RECORDS TO USE Start Marker

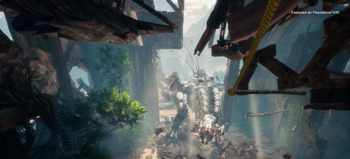 Während sich die Perspektive und der Spielcharakter verändern, betritt Horizon Call of the Mountain ansonsten vertrautes Terrain. Die grafisch beeindruckende Welt verlockt noch immer mit tropischen Wäldern, plätschernden Bächen und hohen Bergen und auch die Roboter-Dinosaurier samt Langhälsen und Brüllrücken sind mit von der Partie.
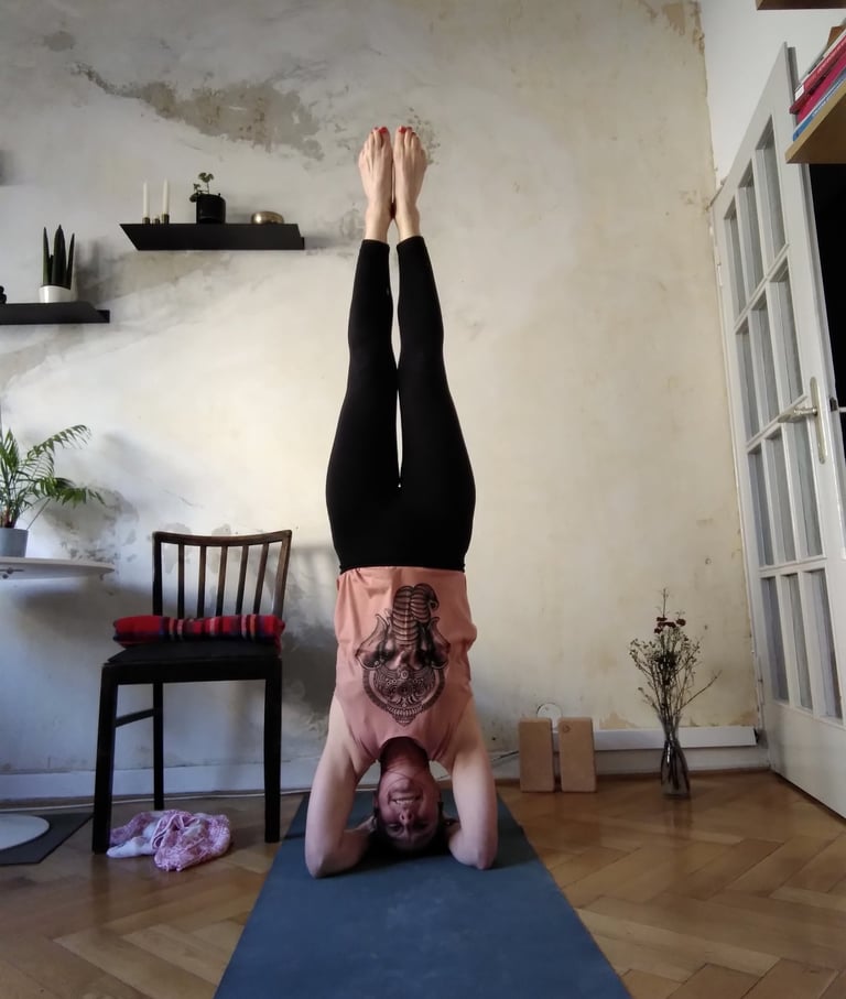 Yoga kam 2016 in mein Leben – eher zufällig, mit einem Gutschein für einen Beginner-Workshop. Ich war begeistert von der Vielfalt: Jede Klasse war anders, geprägt von verschiedenen Tools wie Klangschalen, kleinen Massagen und meditativen Elementen. Doch mein Magic Moment kam erst später: Der Kopfstand. Ich dachte: „Das ist unmöglich.“ Ich versuchte es trotzdem – und plötzlich stand ich auf dem Kopf!
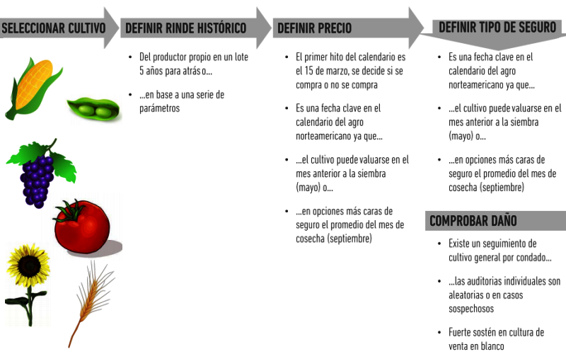 Por otra parte, se avanzó en el análisis de los factores que influyen en la elección del seguro, siendo los puntos principales: Seleccionar el cultivo, definir el rinde histórico, definir el precio, definir el tipo de seguro y comprobar el daño que puede haber sobre esa producción.
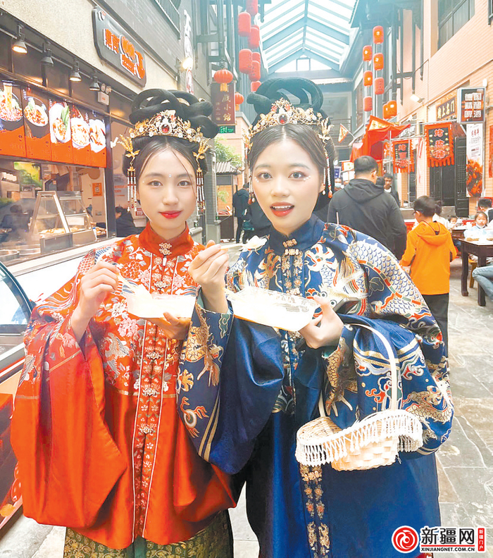5月1日,在位于乌鲁木齐县水西沟镇的闲来小镇,身着传统服饰的演员在品尝美食。
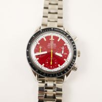 Bracelet montre d’homme OMEGA SPEEDMASTER SCHUMACHER en acier, chronographe, lunette à graduation tachymètre, boîtier rond, cadran émaillé rouge à index peints, aiguilles luminescentes, 3 compteurs secondaires, mouvement automatique, sur bracelet en acier, boucle déployante non d’origine. On y joint un bracelet en cuir usagé, avec boucle déployante en acier siglée OMEGA. (Diam. : 36 mm, tour de bras : 16 cm environ) (Série spéciale vendue entre 1996 et 1999 en hommage au pilote de Formule 1). Sans écrin ni papiers.
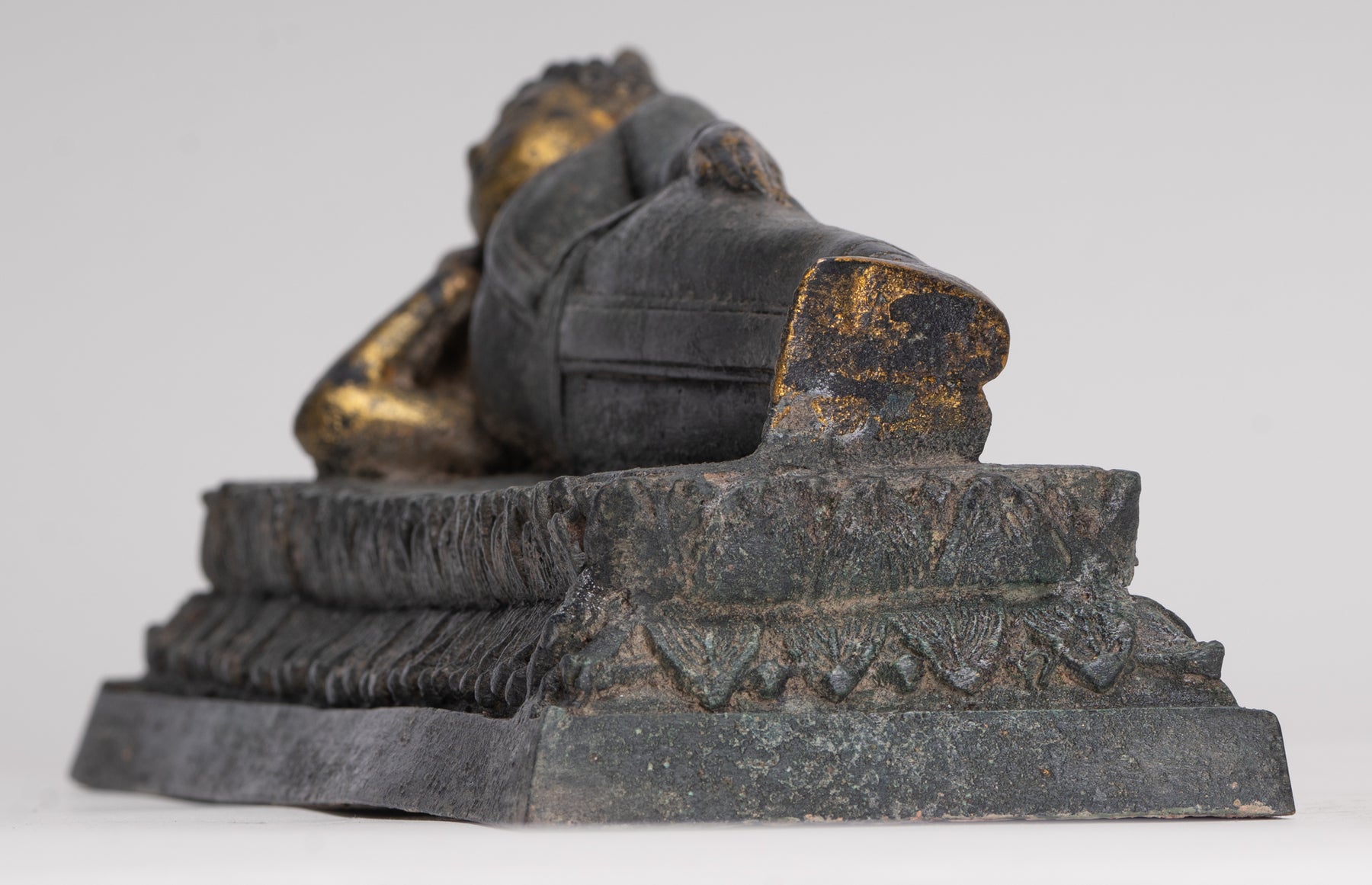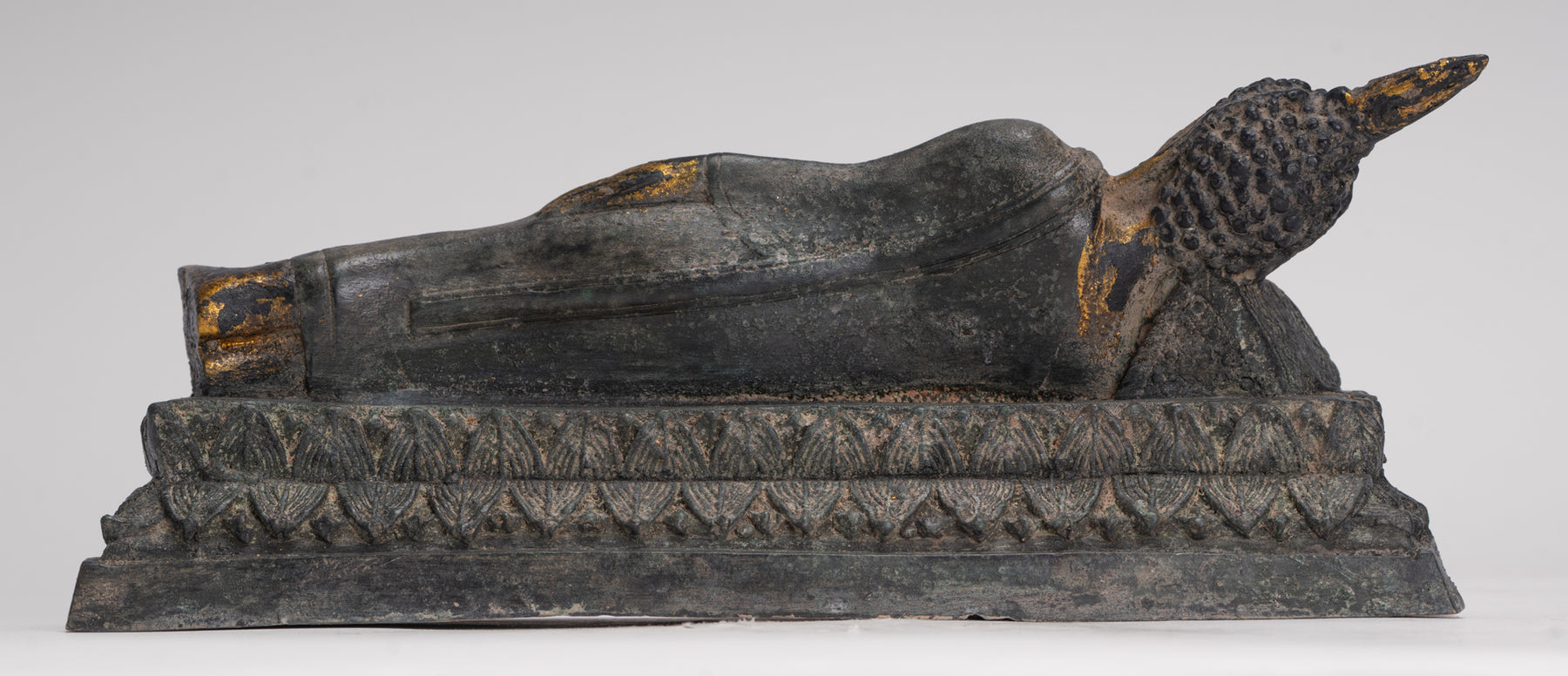 • Statue antique de Bouddha Nirvana inclinable en bronze de style thaïlandais Sukhothai - 28 cm/11"

RECORDS TO USE End Marker

EXERCISE DIRECTIONS
Once the line containing "Yoga kam 2016" is found in the records above, it and every line after it up to the last must be repeated exactly, without pictures.

PROBLEM SOLUTION
 Yoga kam 2016 in mein Leben – eher zufällig, mit einem Gutschein für einen Beginner-Workshop. Ich war begeistert von der Vielfalt: Jede Klasse war anders, geprägt von verschiedenen Tools wie Klangschalen, kleinen Massagen und meditativen Elementen. Doch mein Magic Moment kam erst später: Der Kopfstand. Ich dachte: „Das ist unmöglich.“ Ich versuchte es trotzdem – und plötzlich stand ich auf dem Kopf!
 Por otra parte, se avanzó en el análisis de los factores que influyen en la elección del seguro, siendo los puntos principales: Seleccionar el cultivo, definir el rinde histórico, definir el precio, definir el tipo de seguro y comprobar el daño que puede haber sobre esa producción.
5月1日,在位于乌鲁木齐县水西沟镇的闲来小镇,身着传统服饰的演员在品尝美食。
 Bracelet montre d’homme OMEGA SPEEDMASTER SCHUMACHER en acier, chronographe, lunette à graduation tachymètre, boîtier rond, cadran émaillé rouge à index peints, aiguilles luminescentes, 3 compteurs secondaires, mouvement automatique, sur bracelet en acier, boucle déployante non d’origine. On y joint un bracelet en cuir usagé, avec boucle déployante en acier siglée OMEGA. (Diam. : 36 mm, tour de bras : 16 cm environ) (Série spéciale vendue entre 1996 et 1999 en hommage au pilote de Formule 1). Sans écrin ni papiers.
 • Statue antique de Bouddha Nirvana inclinable en bronze de style thaïlandais Sukhothai - 28 cm/11"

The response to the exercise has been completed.